Every year, your governments spend enough on military to murder every man, woman, and child on Earth 850 times over. With bullets alone. Every year.

The nuclear overkill factor (20x) measures a stockpile: existing weapons, built over decades. The bullet metric measures something worse. It measures annual cash flow. You are not sitting on a one-time surplus of redundant death. You are renewing your subscription to it. Every year, you pay for the capacity to murder everyone 850 times, receive a receipt, and then pay again next year.

“But militaries don’t actually spend their entire budget on ammunition!” Correct. They also buy food, housing, vehicles, pensions, and very expensive airplanes. This is a purchasing power calculation. It measures the scale of spending by converting it to the cheapest lethal commodity available. In actual combat, it takes 250 thousand rounds to kill one person8. At that rate, the entire global military budget converted to small arms would kill roughly 27 million people. Not 8 billion.

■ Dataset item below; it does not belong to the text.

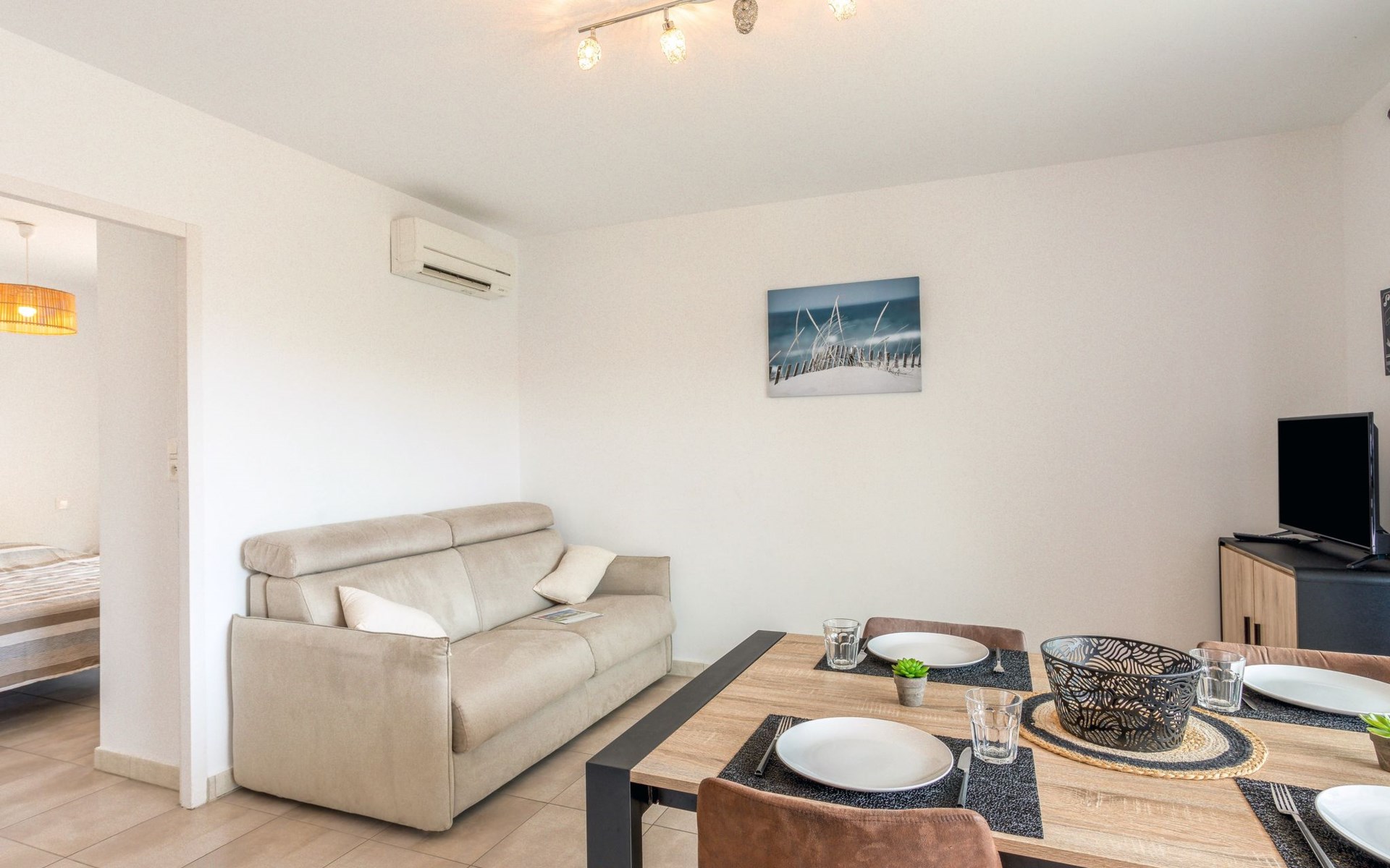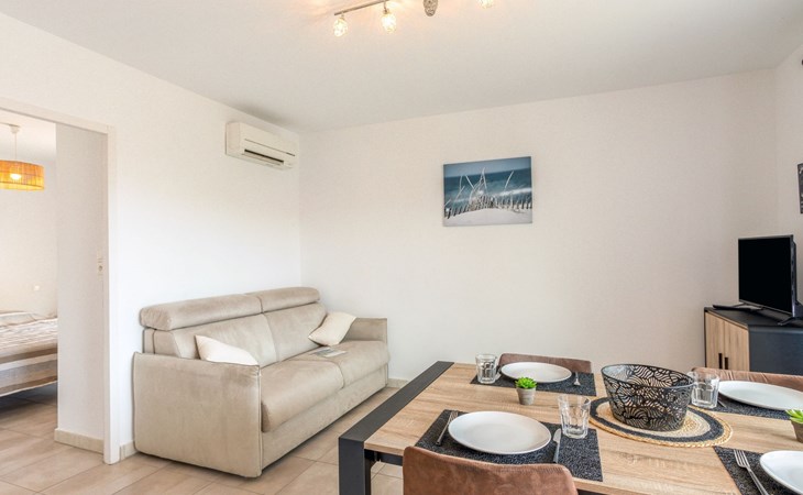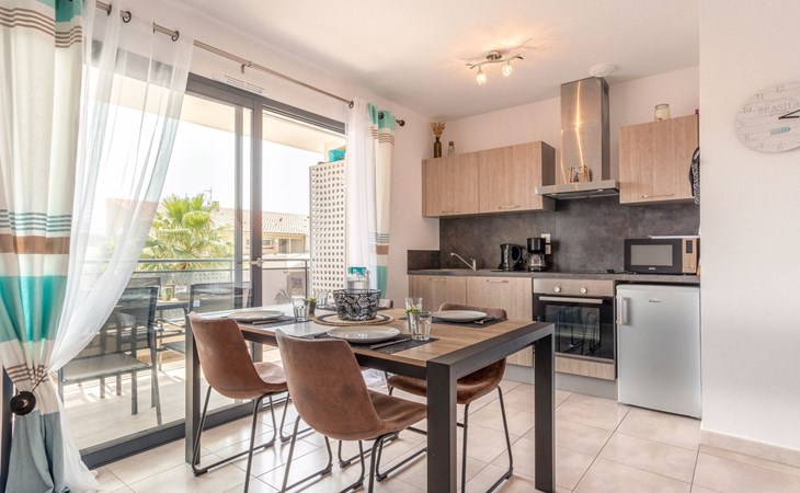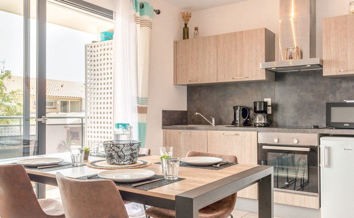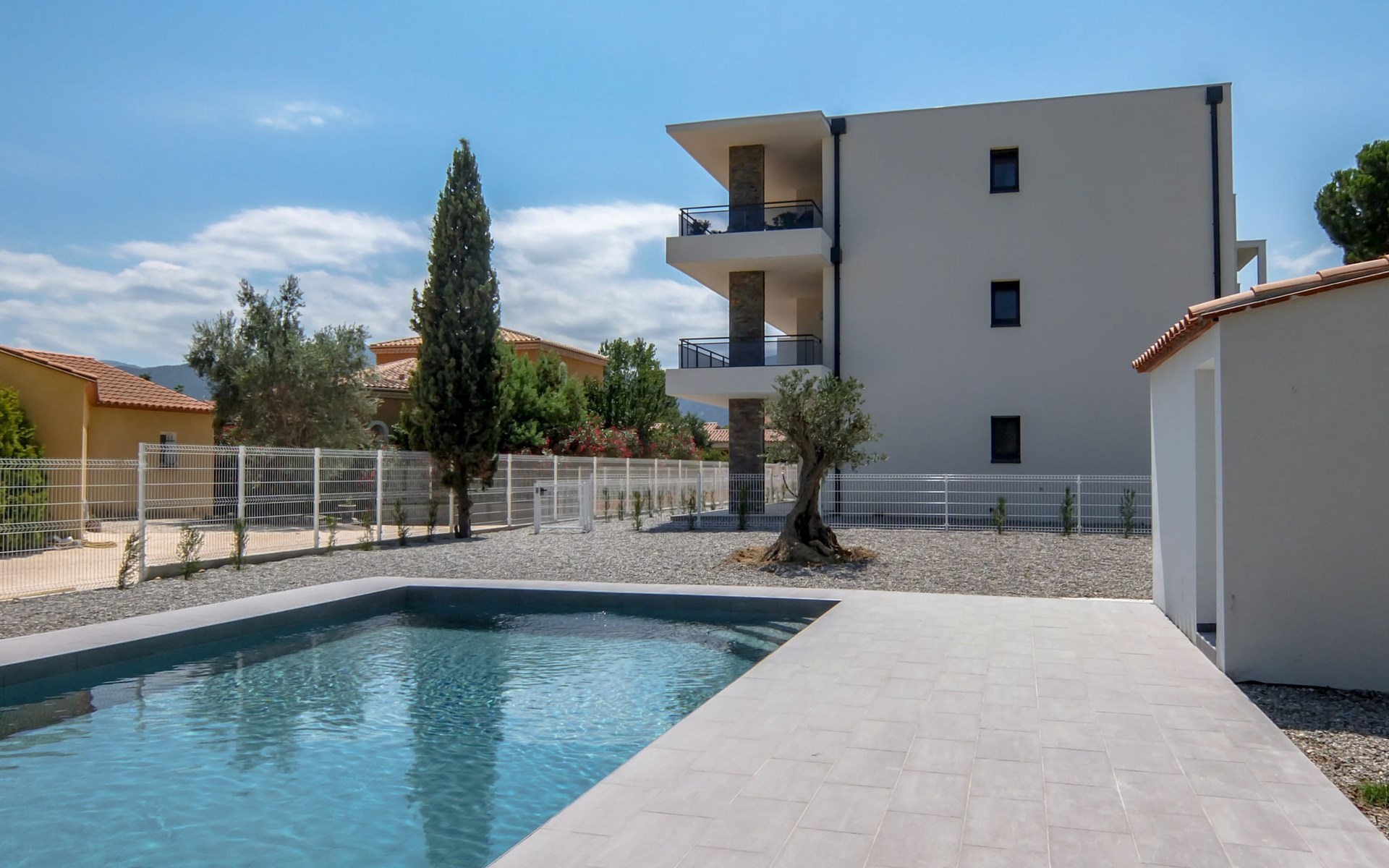 Small residence "Le Clos des Alberes", 2 storeys, built in 2017. 16 apartments in the residence. 4 km from the sea, 4 km from the beach. For shared use: swimming pool angular (9 x 5 m, depth 150 - 150 cm, seasonal availability: 01.Jun. - 30.Sep.). In the complex: lift, storage room for bicycles. Grocery 400 m, shopping centre 1 km, restaurant 1 km, bus stop 550 m, railway station "Argelès sur Mer" 5 km, sandy beach 4 km, diving center 5 km. Sports harbour 6.5 km, golf course (27 hole) 13 km, riding stable 2.5 km. Nearby attractions: Aqualand Saint-Cyprien 6.5 km. The keys‘ handover takes place by the agency Interhome in Saint-Cyprien, 10 km.

This objection is interesting because the person making it thinks it helps their case. “We can only kill 27 million people with bullets, not 8 billion” is not the reassurance they believe it to be. I have noticed that on your planet, when someone points out that a number is obscene, the response is often to quibble about the denominator. The denominator is not the problem. The numerator is the problem. The numerator is $2.72 trillion.

Metric Overkill Type
Nuclear arsenal

20x

Existing stockpile
Bullet purchasing power 850x/year Annual spending flow

A 1% treaty moves the bullet count from 850 to about 842 per person. Nobody will notice.

The Receipt

The Death Budget is huge. The Not-Dying Budget is tiny. The proposal moves 1 percent from Death to Not-Dying. This should not be controversial, and yet.

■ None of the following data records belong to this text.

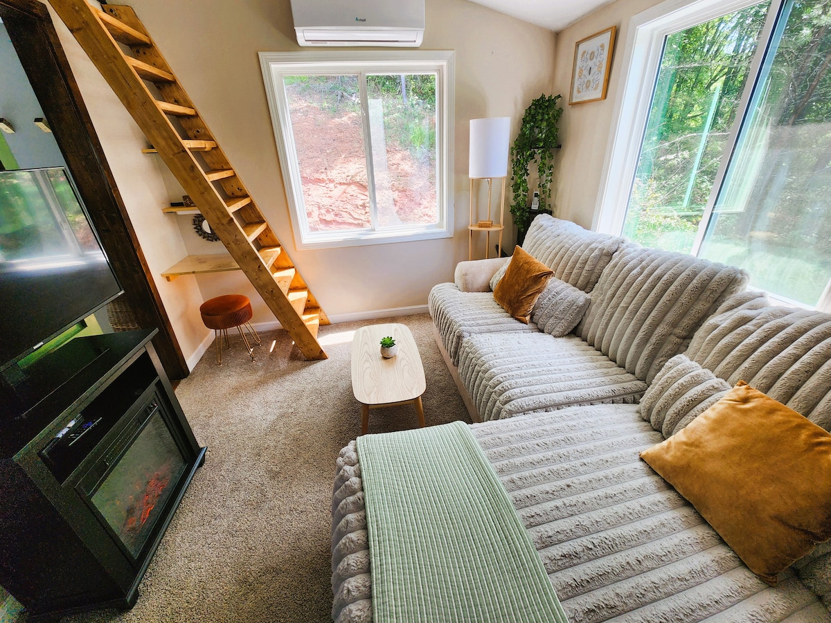 Lengkap dengan pintu masuk sendiri, wifi, sofa kulit yang selesa, katil bersaiz king atas bantal, peti sejuk mini, sinki, Keurig, dan ketuhar gelombang mikro. Adakah saya menyebut TV 50"pintar dengan HBO Max dan penstriman? Jauh lebih baik daripada hotel yang mahal! Terletak di ladang 18 ekar kami, 10 minit ke Murphy, John C. Campbell Folkschool, dan kasino Harrah; 2 minit ke tempat perkahwinan MilRace. Kami berada 30 minit ke 2 pengembaraan arung jeram: Ocoee dan Nantahala!
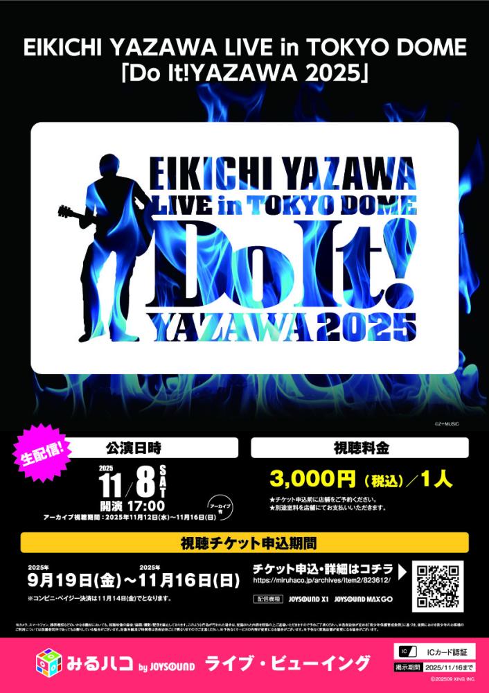 2025年10月17日 みるハコ【Do It!YAZAWA 2025】 ソロデビュー50周年を記念した東京ドーム公演のみるハコ配信が決定! 今年でソロデビュー50周年を迎える矢沢永吉。今年は、6月に横浜、9月に大阪でエキシビション「俺たちの矢沢永吉」展を開催。そして、アニバーサリー・イヤーを記念して東京ドームで2日間コンサートを行う。東京ドームは2018年9月 以来、7年ぶりとなる。また、この公演をもって東京ドーム単独公演・最年長記録がポール・マッカートニーと並び日本人アーティストに限れば76歳になる矢沢永吉が最年長となる。 ご視聴希望の方は事前「みるハコ」ご予約をお願い致します。
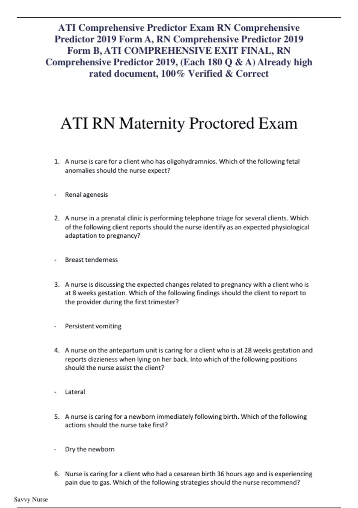 ATI Maternity Proctored 2019 (Questions/Answers )
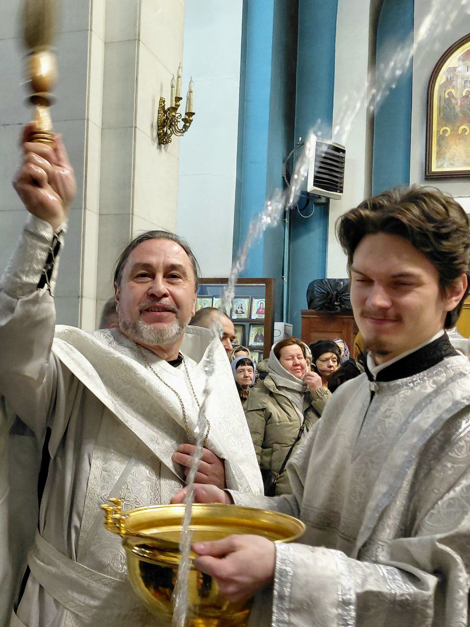 19 января 2026 года, в праздник Святого Богоявления — Крещения Господа Бога и Спаса нашего Иисуса Христа, в Градо-Хабаровском соборе Успения Божией Матери настоятель храма иерей Дионисий Ногтев возглавил Божественную литургию.
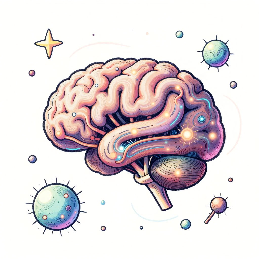 Cute cartoon neuron character with big eyes, smiling face, branching dendrites and axon terminals, glowing synaptic connections, surrounded by light particles, soft pastel color palette, floating in a stylized brain environment
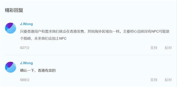 黄章回应:“只要香港用户有需求我们就会在香港发售,主要担心目前没有NFC功能可能是个阻碍,未来我们会加上NFC”。
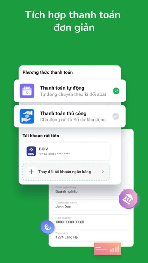 Xem lại lịch sử giao dịch theo thời gian, kênh thanh toán, mã giao dịch và nhận thông báo khi có giao dịch xảy ra ngay trên thiết bị di động của bạn.
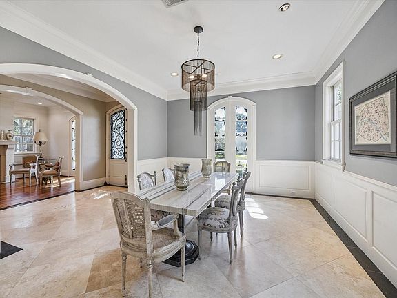 Travertine and wood flooring, plantation shutters, paneled doors, crown molding, recessed lighting and custom built-ins. Inviting living room with fireplace provides a retreat or a study. Kitchen with high-end appliances, including a built-in refrigerator, large center island and walk-in pantry. The second floor features three spacious bedrooms and three full baths, including a primary bath with double sinks, shower, jetted tub and private water closet. The finished third floor includes a full bath and offers a flexible space. Classic stucco exterior accented with Juliette balconies offers elegant curb appeal and charming outdoor spaces. Landscaped front and backyards, attached garage and fenced patio area. Located near Rice Village, West University parks and the Medical Center.

The Death Budget is huge. The Not-Dying Budget is tiny. The proposal moves 1 percent from Death to Not-Dying. This should not be controversial, and yet.

The Price of Apocalypse is $33.1 billion (95% CI: $23.7 billion-$44 billion). The Apocalypse Markup is $2.69 trillion (95% CI: $2.68 trillion-$2.7 trillion). A 1% treaty asks for $27.2 billion.

The treaty does not touch the Price of Apocalypse. It does not reduce deterrence. It does not weaken a single military. It takes from the 82.3x (95% CI: 61.9x-115x) markup and redirects it to clinical trials, so that humans might figure out which of the 9.5 million untested treatment combinations actually work.

Your species can kill every person on Earth 20 times. It cannot cure most cancers. It spends $2.72 trillion a year on the first problem and a fraction of that on the second. The proposal is to move 1% from the budget that murders everyone 20 times to the budget that might stop some of them from dying.

That is the whole proposal. I have been trying to find the controversial part. I cannot find it. If you find it, please let me know, because I have been looking for several years and I am beginning to suspect it does not exist.